At most of these tombs you will find separate entrances for men and women, places to pray.  Usually you will see people there saying prayers or reciting psalms.  There is often a beit midrash (study hall) on site.  I've been to several of these places — Rambam (Maimonides), Honi Hamaagal ("the circle maker), and the biggest and best known, Shimon Bar Yochai's tomb in Meron.

Yesterday we visited the tomb of Yehuda Hanasi in Beit Shearim.  I'm disappointed by the lack of attention paid to Yehuda Hanasi.  There was pretty much on one at his tomb other than tourists.  He is a far more important figure historically than many lesser rabbis who have much bigger crowds learning and praying at the tombs.

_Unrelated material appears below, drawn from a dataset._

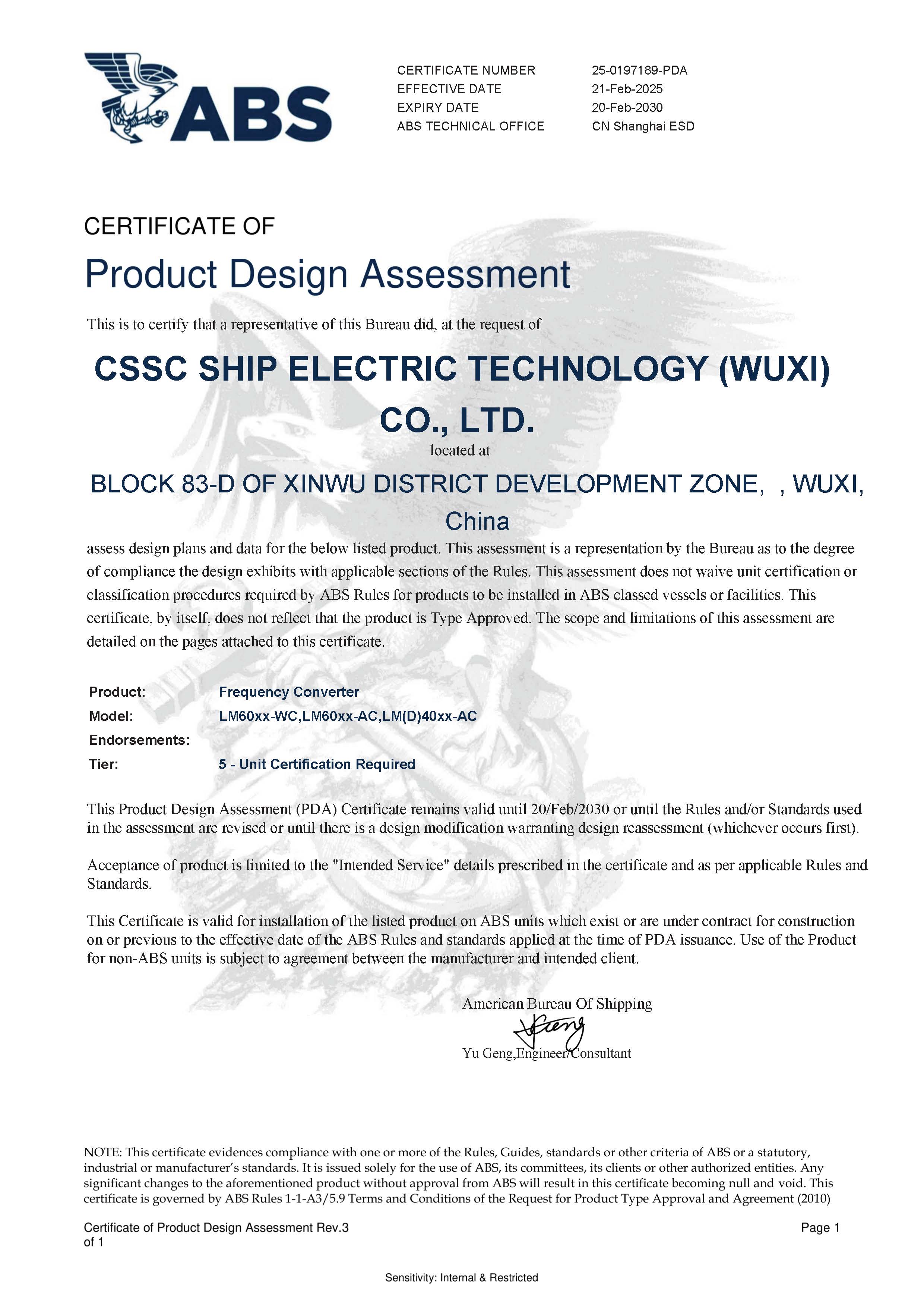 低壓船用核心功率模塊系列產(chǎn)品獲得了中國船級社、法國船級社、挪威船級社等主流船級社的型式認(rèn)可,

Yehuda Hanasi was the editor of the Mishnah.  In the early 3rd century, around 200-220, he took all of the oral teachings that were circulating then as "Torah sh'ba'al peh," the Orah Torah, and he selected among competing versions of teachings and organized them into the form we know as the Mishnah.  The Mishnah, in turn, went on to become the basis for both the Palestinian and Babylonian Talmuds.  If it were not for the work of Yehuda Hanasi, the path forward for Jewish learning would have been very different indeed.  The Talmud as we know it may never have come into existence.  Who knows what could have happened to Jewish learning ?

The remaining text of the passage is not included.